Every line of the listing is returned unchanged, and every picture is dropped.

### [Stored data]
---+---

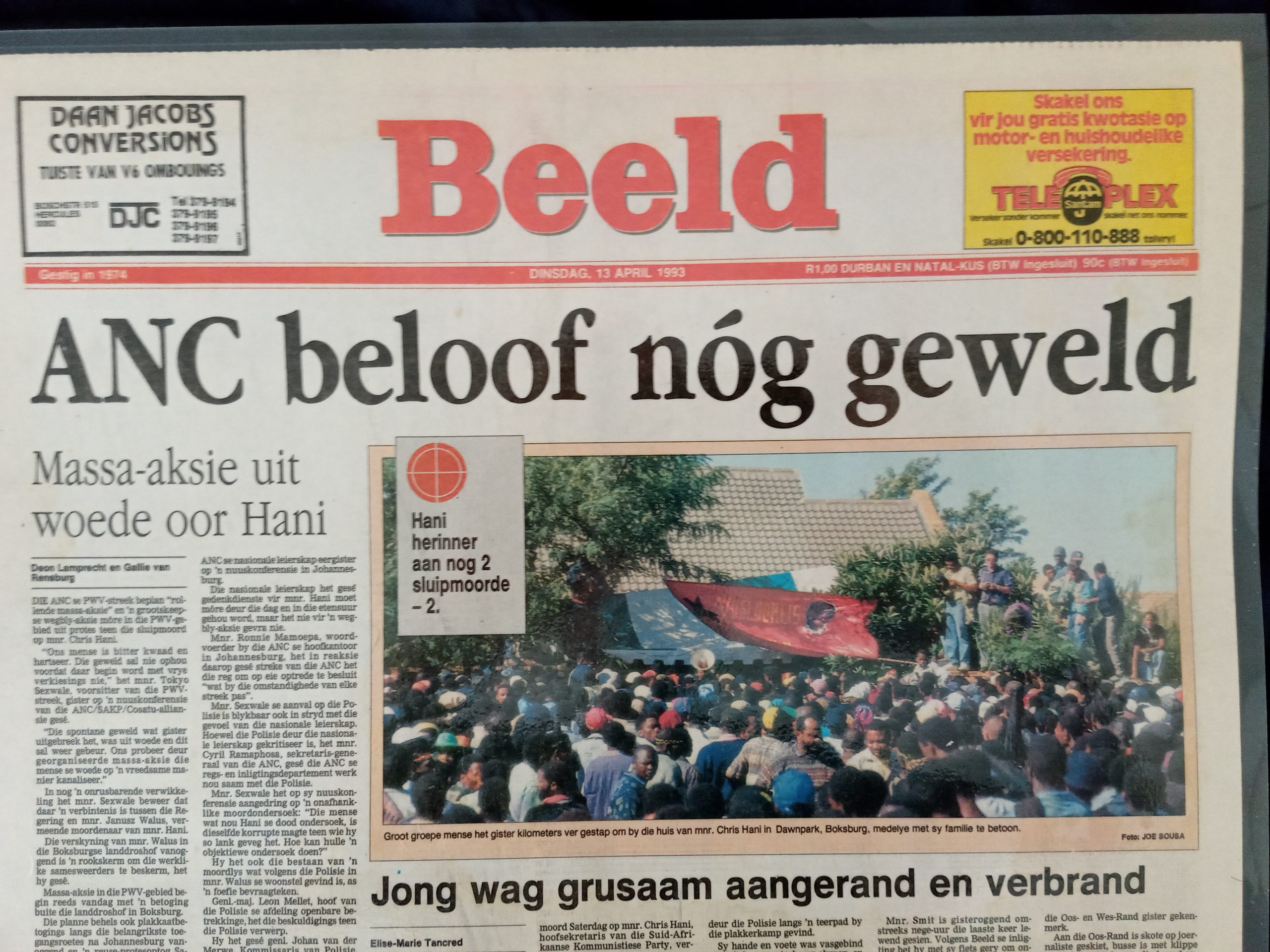 Enkele regses wat teen die voorgestelde nuwe bedeling gekant was, het in April 1993 teruggeslaan deur ‘n belangrike ANC-leier, Chris Hani, te vermoor. Vrees vir ‘n burgeroorlog vlam op, maar danksy onder andere Nelson Mandela se leierskap is die geweld beperk.
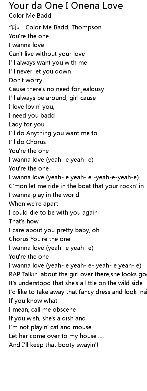 | 作词 : Color Me Badd, Thompson | |
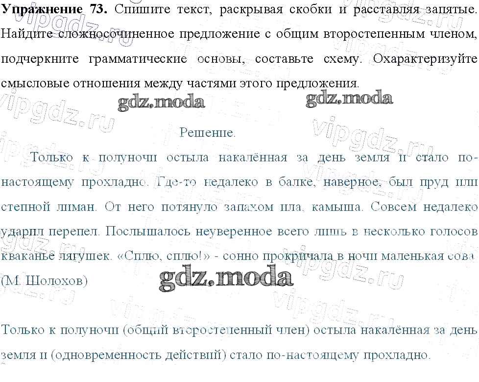 ОТВЕТ на задание № 73 Учебник по Русскому языку 9 класс Тростенцова

---+---

### [Task result]
 Enkele regses wat teen die voorgestelde nuwe bedeling gekant was, het in April 1993 teruggeslaan deur ‘n belangrike ANC-leier, Chris Hani, te vermoor. Vrees vir ‘n burgeroorlog vlam op, maar danksy onder andere Nelson Mandela se leierskap is die geweld beperk.
 | 作词 : Color Me Badd, Thompson | |
 ОТВЕТ на задание № 73 Учебник по Русскому языку 9 класс Тростенцова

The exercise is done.